+5  A: 

\&func1 is a subroutine reference, but \&func1(\@arraydata) is a reference to the value returned by a call to &func1. Try instead just: "ab 1" => \&func1, .... The passing of @arraydata is correct in your dispatch code.

Note that /$k/ will make metacharacters like . or * have their special effect in the regex; if you don't want that, do /\Q$k/ instead. Or possibly you want just eq $k?

ysth
+6  A: 

Hashes are initialized with regular parens ( ( ) ), not curly brackets (those are for hash references.) And you initialize a hash with a list assignment. So the first part should be:

my %commandfunc = ( 
    "ab 1" => \&func1,
    "ab 2" => \&func2,
    "ab 3" => \&func3
);

The => operator is a little prettier than using a comma and has the added benefit of quoting barewords on the left side, if necessary.

I'm not sure what you're trying to match in your loop (where does $_ come from?) But you can do something like this:

foreach my $k (keys %commandfunc) {
    if( $something =~ /$k/) {
        my $result = $commandfunc{$k}->( \@arraydata );
    }
}
friedo
well,to make it clear,yes I want to match a key string ($k) with $something...
mhd
apparently I dont need passing array by reference, by value is ok.Thanks..
mhd
+3  A: 

You weren't really clear whether @arraydata was defined up front or not, and how often this code would be executed.
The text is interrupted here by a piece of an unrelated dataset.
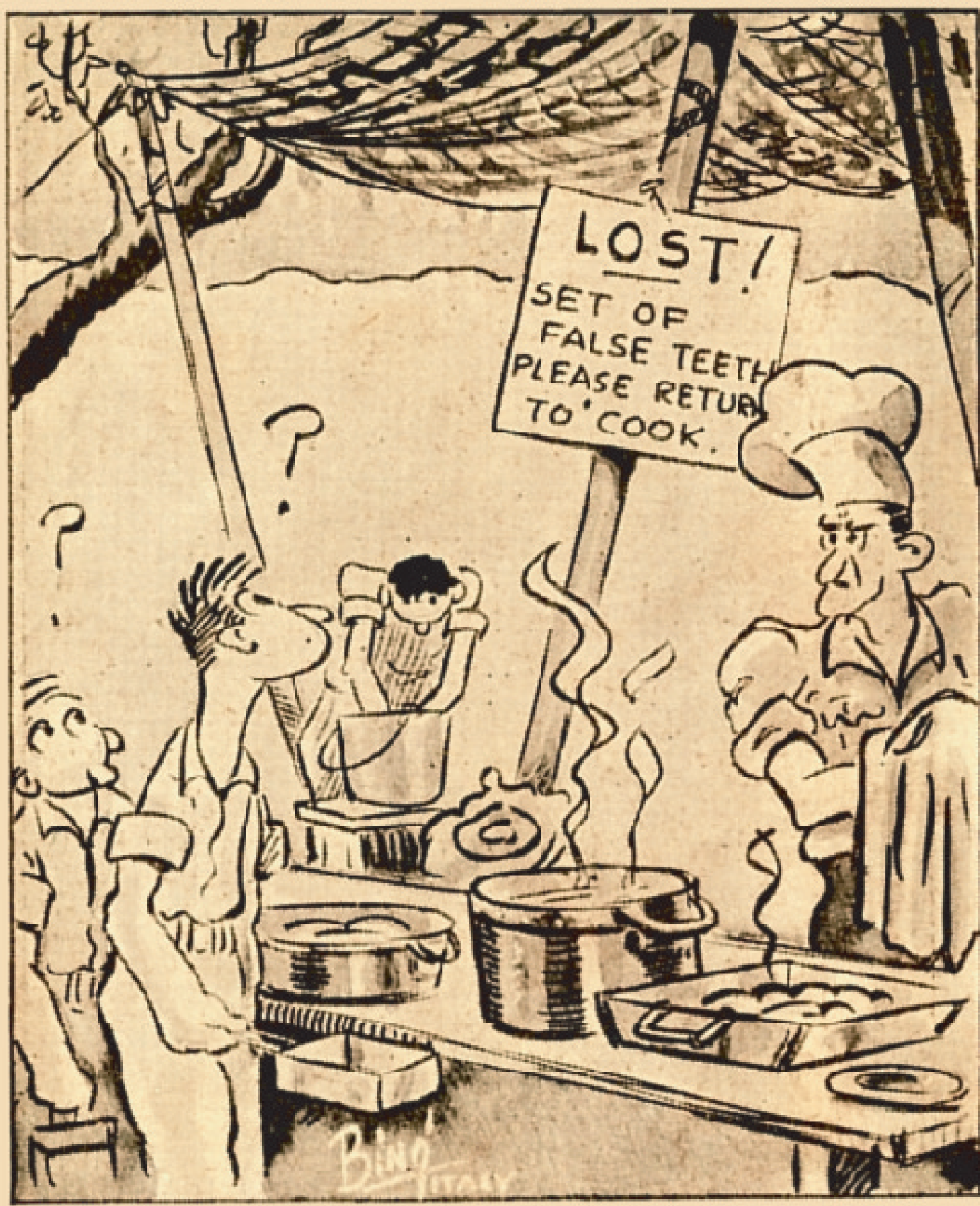
" Well ? "

PERSA DENTIERA. PREGASI RIPORTARLA AL CUOCO.

A direct translation of your attempt would yield:

my %commandfunc = (
    "ab 1" => sub { func1(@arraydata) },
    "ab 2" => sub { func2(@arraydata) },
    "ab 3" => sub { func3(@arraydata) },
};

if (my ($match) = grep { $_ eq $key } keys %commandfunc)
{
    my $result = &{$commandfunc{$match}};
}

However this is not very efficient - the %commandfunc hash is being defined with anonymous subroutine closures, when we could instead just store coderefs to the original subs with no arguments bound, and pass in an array later:

my %commandfunc = (
    "ab 1" => \&func1,
    "ab 2" => \&func2,
    "ab 3" => \&func3,
};

and call it like this:

my $result = $commandfunc{$match}->(@array);
Ether
looking at mhd's code, I decided that since @arraydata was being passed at the time of dispatch, this couldn't be what he meant.
ysth
@ysth: aye, so making a table of simple coderefs would be more appropriate then.